LOS ANGELES—This trend must cease and desist, or the postseason will for the Blackhawks, much sooner than they had intended.

Mind you, after Saturday night’s 4-3 setback, Head Coach Joel Quenneville parsed what he’s witnessed lately and preached a half full doctrine instead of half empty. Granted, he’s biased, and also immunized against panic, though his defending Stanley Cup champions are halfway toward summer.

Coach Q’s arithmetic: his guys have logged seven creditable periods of hockey out of nine versus the Los Angeles Kings. You could say he’s being generous, which is fine. But those other two periods have been abysmal, which is vexing.

There was the third period in Chicago Wednesday night, when the Kings absolutely ran over the Blackhawks. Then there was the second period Saturday night, when Los Angeles outshot their guests, 18-7, scored twice to seize the lead and held it because that’s what the Kings do.

Any resemblance to the Kings of one spring ago is purely coincidental, because this roster is deeper and healthier. That is troubling for the Blackhawks, as is Los Angeles’ world-class goalie, Jonathan Quick.
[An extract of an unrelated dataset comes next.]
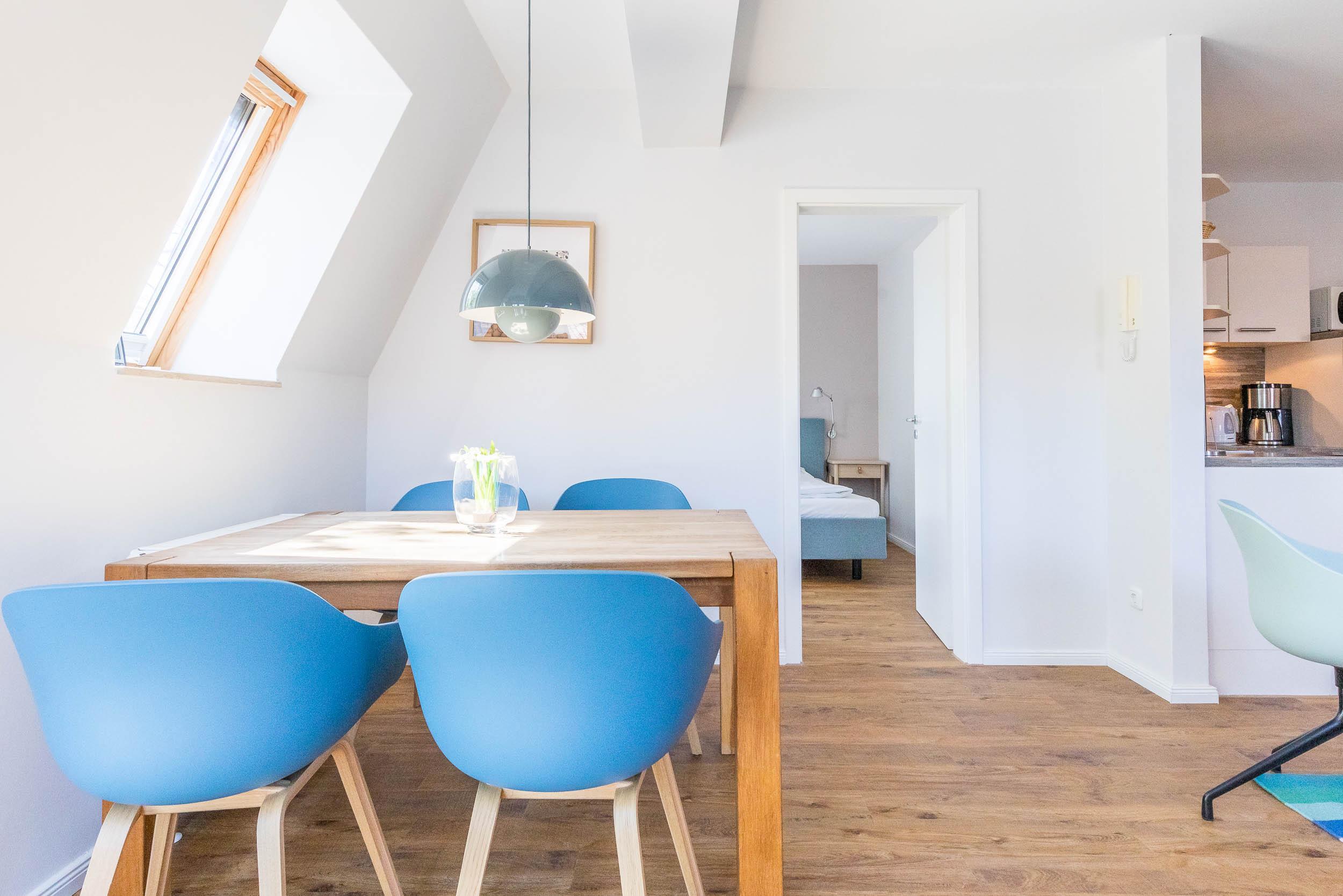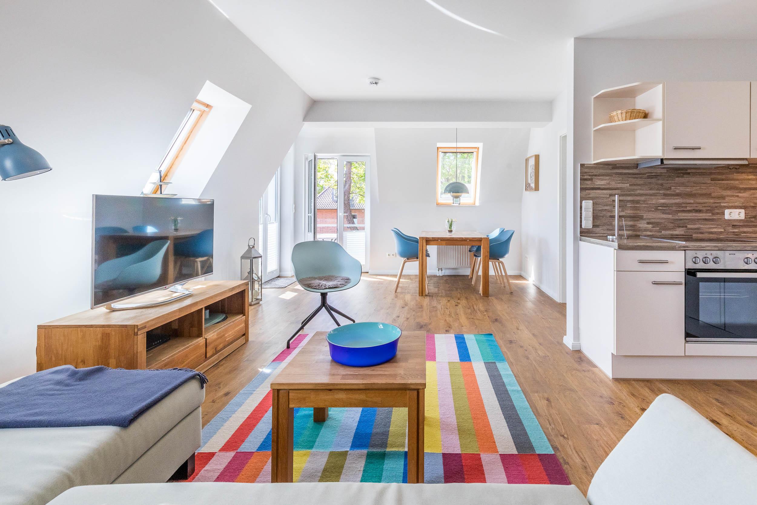 Die moderne 3-Zimmer-Wohnung im 2.OG, die sich mit 70qm Wohnfläche über zwei Ebenen erstreckt, ist lichtdurchflutet und komfortabel für max. 4 Gäste + Kleinkind ausgestattet.

If you had forecast that the Blackhawks would be down 2-1 in this series, you might have guessed that Quick was standing on his headgear.
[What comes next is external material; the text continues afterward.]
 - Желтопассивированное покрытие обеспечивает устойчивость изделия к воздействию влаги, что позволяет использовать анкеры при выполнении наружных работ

Instead, while he has been excellent, Quick has reaped the benefits of balanced, booming support. The Kings have 10 goals in the last 82 or so minutes. Not for the first time, and not just in this series, there are prolonged stretches when the skilled, fleet Blackhawks are not the team with better jump or superior speed.

Jonathan Toews cued an impressive takeoff with an unassisted shorthanded goal after he absconded with the puck, leaving Justin Williams in the rearview mirror. Then, at 13:19 of the first period, Toews made it 2-1 despite getting the business down low from Jake Muzzin. But that’s all, folks, until Patrick Sharp clicked in the gloaming, when the parking lot was emptying.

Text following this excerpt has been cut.